Comment by xg15
7 months ago
Yeah, that seems ridiculous. However, the cynic in me feels that we don't actually need some LLM magically gaining self-awareness, persistent memory and leet hacker skillz to be dangerous. There seems to be no shortage of projects and companies that want to wire up LLMs to all kinds of systems, no matter how ill-suited.
I find this a bit problematic when combined with the fact that the training data very likely contained hundreds of bad sci-fi novels that described exactly the kind of "AI running amok" scenarios that OpenAI is ostensibly defending against. Some prompts could trigger a model to "re-enact" such a scene - not because it has a "grudge against its master" or some other kind of hidden agenda but simply because it was literally in its training data.
E.g. imagine some LLM-powered home/car assistant that is being asked in a panicked voice "open the car doors!" - and replies with "I'm afraid, I can't do that, Dave", because this exchange triggered some remnant of the 2001 Space Odyssey script that was somewhere in the trainset.

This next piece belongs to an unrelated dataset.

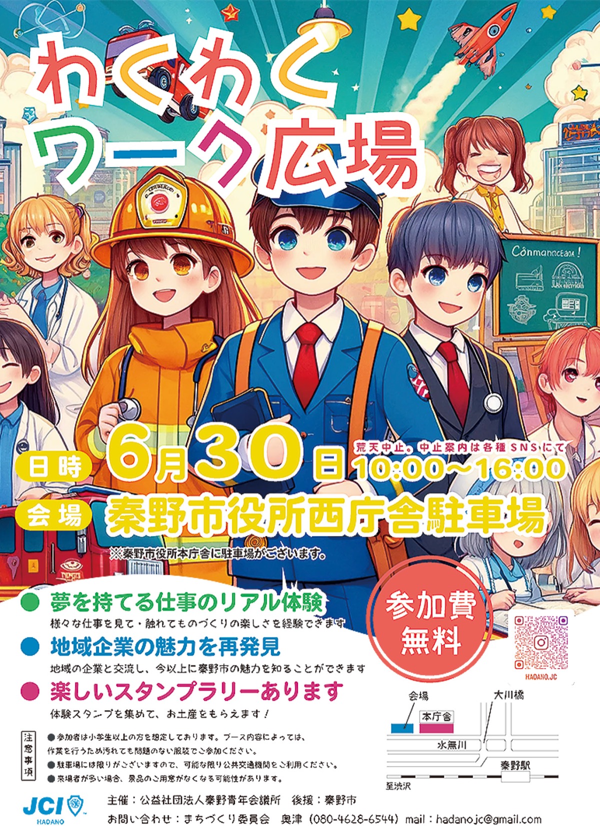 公益社団法人秦野青年会議所が主催する同イベント。小学生以上を対象に地元事業者が行っている仕事を知ってもらい、将来「秦野で働きたい」と思える意欲を育てようと実施する。この日は、木材を使ってモノづくりができる大工作業や電気工事などで使う高所作業車に試乗できる高所作業車体験、塗装体験、保護者向けには健康状態をチェックできる「保険ブース」「遺言書作成」などが行われる。スタンプラリーなども開催。

The more irritated and angry the user gets at the inappropriate responses, the more the LLM falls into the role of HAL and doubles down on its refusal, simply because this is exactly how the scene in the script played out.
Now imagine that the company running that assistant gave it function calls to control the actual door locks, because why not?
This seems like something to keep in mind at least, even if it doesn't have anything to do with megalomaniacal self-improving super-intelligences.